Geralt powolnym ruchem sięgnął po swój stalowy miecz, a kiedy dłoniom poczuł wygodną rękojeść oręża, zdecydowanym, szybkim ruchem wyszarpnął ostrze z pochwy.

Drizzt również dobył swoje sejmitary. Drow rozglądnął się po piaszczystej arenie, na której oboje stali. Żadnych widzów, żadnych dźwięków... Jedynie bicie ich serc oraz spokojne oddechy.
 - Nie chce z tobą walczyć – rzekł bardzo powoli mroczny elf. – Ale zostałem do tego zmuszony. Wiedźmin od razu zrozumiał prawdę, lecz nie było już odwrotu. Tylko jeden mógł przeżyć
- Ktoś się nami bawi. Też nie chcę z tobą walczyć, ale już za późno... – odpowiedział Geralt cicho, szorstkim głosem.
- Zakończmy to – odparł stanowczym tonem Drizzt.

W lawendowych oczach Drowa zapłonęły ognie determinacji. Z niezwykłą szybkością mroczny elf znalazł się przy wiedźminie i zaczął swój zapierający w dech taniec ostrzy. Wirował i ciął, przy każdym uderzeniu chcąc zakończyć ten koszmar. Łowca, który wydawał się zniknąć dawno temu, powoli znów przejmował kontrolę nad Drizztem.

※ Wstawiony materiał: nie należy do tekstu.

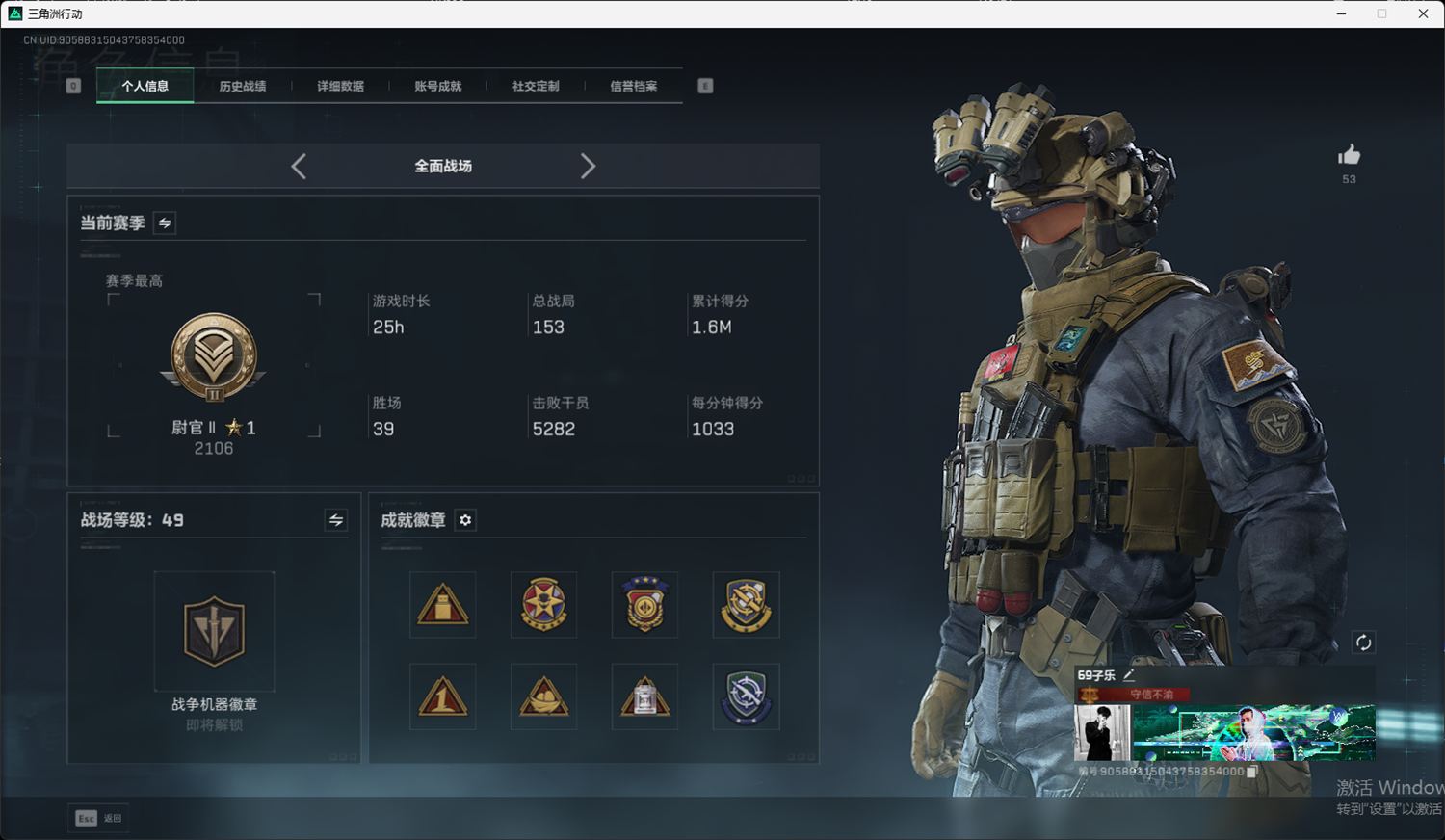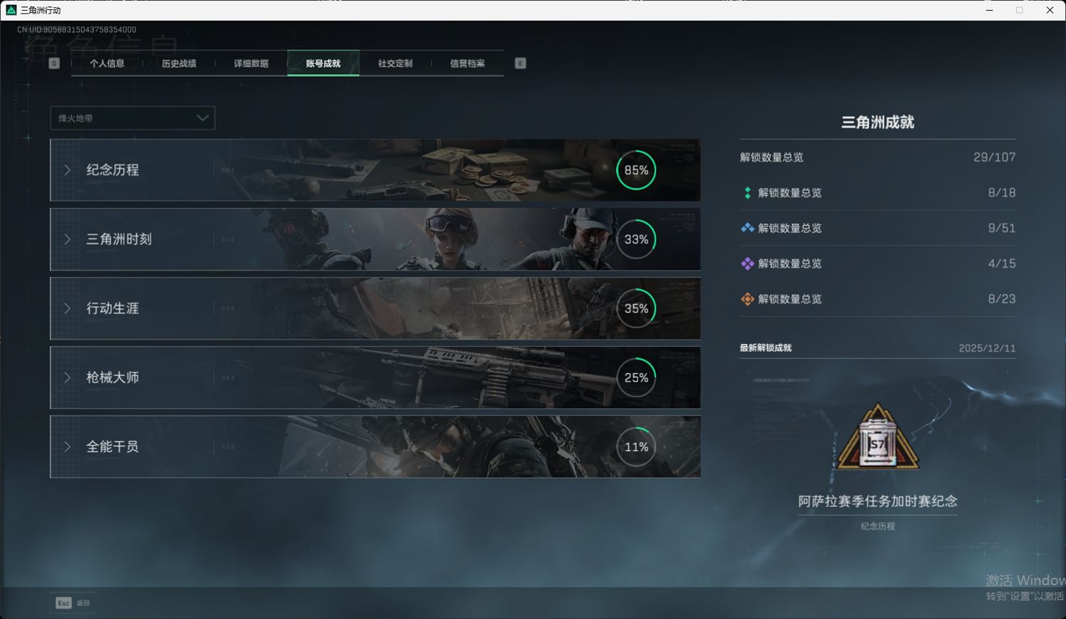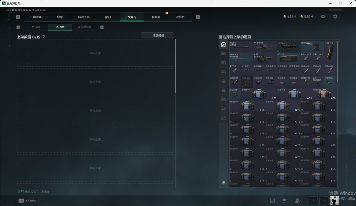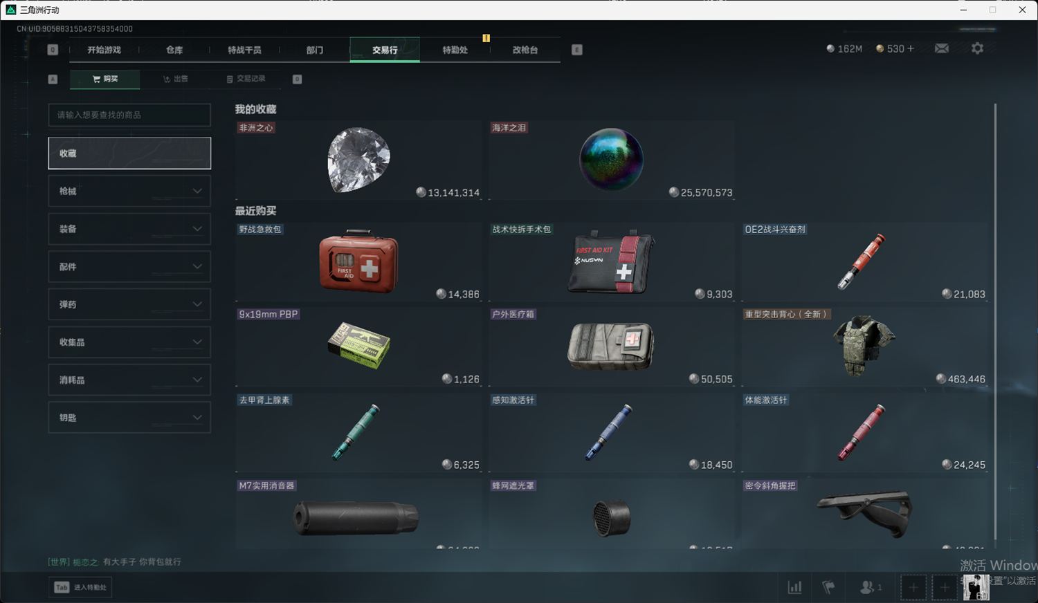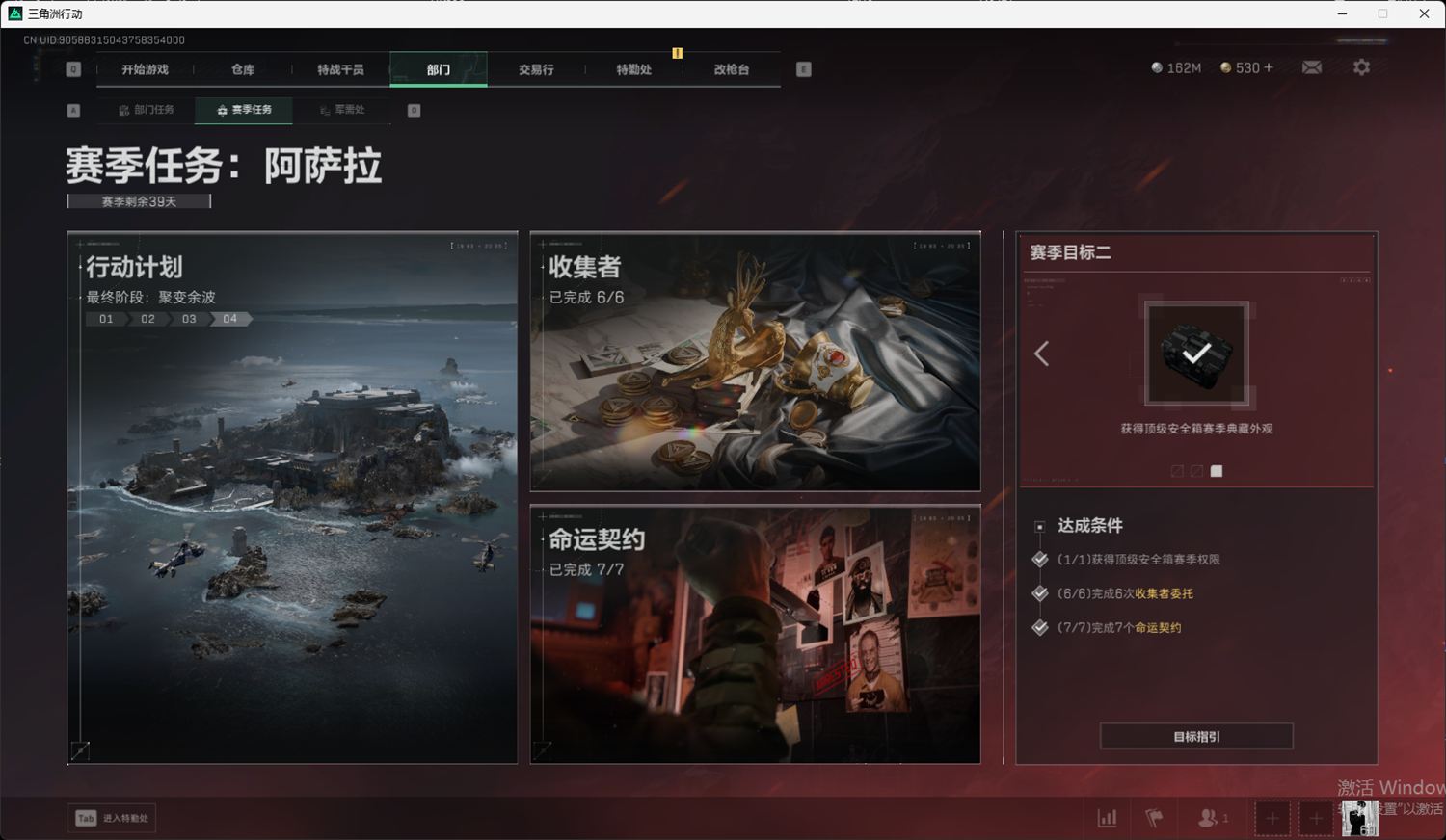 总资产:59.8M,哈夫币:260W,武器皮肤:25,钻石,战场60级:【安全箱】基础安全箱;【特勤处等级】仓库LV.8,靶场LV.7,训练中心LV.7;【干员皮肤】蜂医送葬人无题密令,无名夜鹰,红狼蚀金玫瑰;【近战武器】近战武器-北极星,近战武器-黑鹰;【步枪皮肤】M4A1突击步枪-蚀金玫瑰,M7战斗步枪-神秘艺术,SR-25射手步枪-水墨云图,ASVal突击步枪-蛇年祥瑞,AK-12突击步枪-夜鹰,K437突击步枪-北极星,CAR-15突击步枪-阿米娅,腾龙突击步枪-捞点薯条,AK-12突击步枪-特斯拉线圈,M4A1突击步枪-阿米娅,SCAR-H战斗步枪-启航,KC17突击步枪-电锯惊魂,SG552突击步枪-运动员;【冲锋枪皮肤】P90冲锋枪-神秘艺术,QCQ171冲锋枪-北极星,SMG-45冲锋枪-骑士,UZI冲锋枪-特斯拉线圈,SR-3M紧凑突击步枪-特斯拉线圈,勇士冲锋枪-能天使-午夜邮差;【狙击步枪皮肤】AWM狙击步枪-捞点薯条;【霰弹枪皮肤】725双管霰弹枪-送葬人-无题密令;【轻机枪皮肤】M250通用机枪-骑士之心;【手枪皮肤】93R-捞点薯条;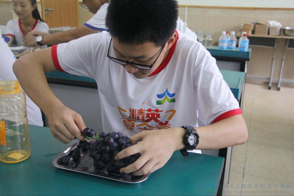 同学们通过前几次的生物实验课,已经明白了实验室的相关规定,也对生物实验有了一定的认识和了解。在实验操作中,他们都严格按照老师的要求进行规范操作。在他们榨汁结束之后,小组长分别将葡萄汁上交到冯华兰老师处统一密封保管。据了解,发酵过程是一个漫长的过程,一般是在十天左右,并且温度要适宜。在发酵过程中,每隔12小时还需要将瓶盖拧松一次,以放出瓶中的二氧化碳气体。

Wiedźmin z trudnością bronił się przed atakami mrocznego elfa. Drizzt atakował zaciekle i niezwykle szybko. Geralt wiedział, że w końcu mroczny elf przebije się przez jego obronę, jeśli czegoś nie wymyśli.
Dźwięk uderzenia stali powtarzał się niezwykle często. Gdyby ktoś obserwował ten pojedynek, zobaczyłby jedynie rozmazane kształty
.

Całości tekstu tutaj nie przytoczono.